Clark was an openly gay Republican who served in various boards and commissions and participated in hundreds of fundraisers for HIV/AIDS awareness and other charities. He was a board member of the Log Cabin Republicans from 1984 to 1994 and served as chapter president in 1995. Kevin Beiser accepted the honor on Clark’s behalf.
Jackson is the executive director of Karibu: Center for Social Support and Education. Jackson has spent more than 25 years working in the fields of substance abuse and HIV/AIDS services.
“Initially her HIV/AIDS work focused on prevention, but as she watched the African American community increasingly devastated by substance abuse and HIV, she began to focus on the African-American and LGBT communities,” Dumanis said.
Murphy is a founding member of The Center, a founding member of the San Diego Democratic Club, a founding member of Lambda Archives and a founding member of the San Diego AIDS Foundation. He has also served as a board member, treasurer, member of the senior outreach team and member of the senior housing task force at The Center.
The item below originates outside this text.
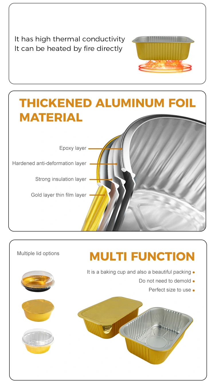 Алюмінієва фольга з алюмінієвою фольгою з алюмінієвої фольги з алюмінієвою фольгою для гратів, придатних для одиночної порції запеченого рису або запеченої макарони та інших страв для упаковки, упаковки для обіду та вивезення, заздалегідь виготовлених страв може вибирати упаковки, цей однозначний квадратний алюмінієвий алюмінієвий алюмінієвий контейнери-з міжнародними кордотами з алюмінією, а також бездивованою їжею. За допомогою теплової ущільнювальної плівки вона може досягти ефективної ущільнення та ефективно запобігти витоку супу, який підходить для автоматичного ущільнювального обладнання. Поверхня контейнера гладка і плоска, що легко позначити, і вона красива і щедра, що допомагає покращити зображення бренду. Він стійкий до високих та низьких температур, може використовуватися в температурному діапазоні від -20 ° C до 250 ° C і підтримує різноманітні методи нагрівання, такі як охолодження, випічка та пропарювання. Матеріал алюмінієвої фольги на 100% перероблений та стійкий.

Stiriti is a founding member of the Greater San Diego Business Association (GSDBA) and has been a supporter of and donor to many GLBT and HIV/AIDS organizations. Frank Stiriti has been closely involved in the San Diego LGBT community for decades. “Active in HIV/AIDS fundraising and in raising awareness from the early days of the epidemic, he continues to be an active proponent of HIV/AIDS prevention measures,” Dumanis said.
The honorees were thankful for the recognition.
“It was a wonderful experience, particularly for my family,” Baza said. “You know sometimes our families don’t know all of what we do in our lives, particularly those of us who are LGBT, and I am happy my family was there to experience that.”
Before honoring the new inductees, Dumanis surprised Murray-Ramirez with a separate honor for his longtime service in the local community – and a fake arrest warrant for Murray-Ramirez’s often-flamboyant means of dress.
“For going above and beyond the call of duty,” Dumanis said, holding up pictures of Murray-Ramirez for the audience to see, before presenting him with a certificate of recognition, “as well as violating the standards of good taste from time to time.”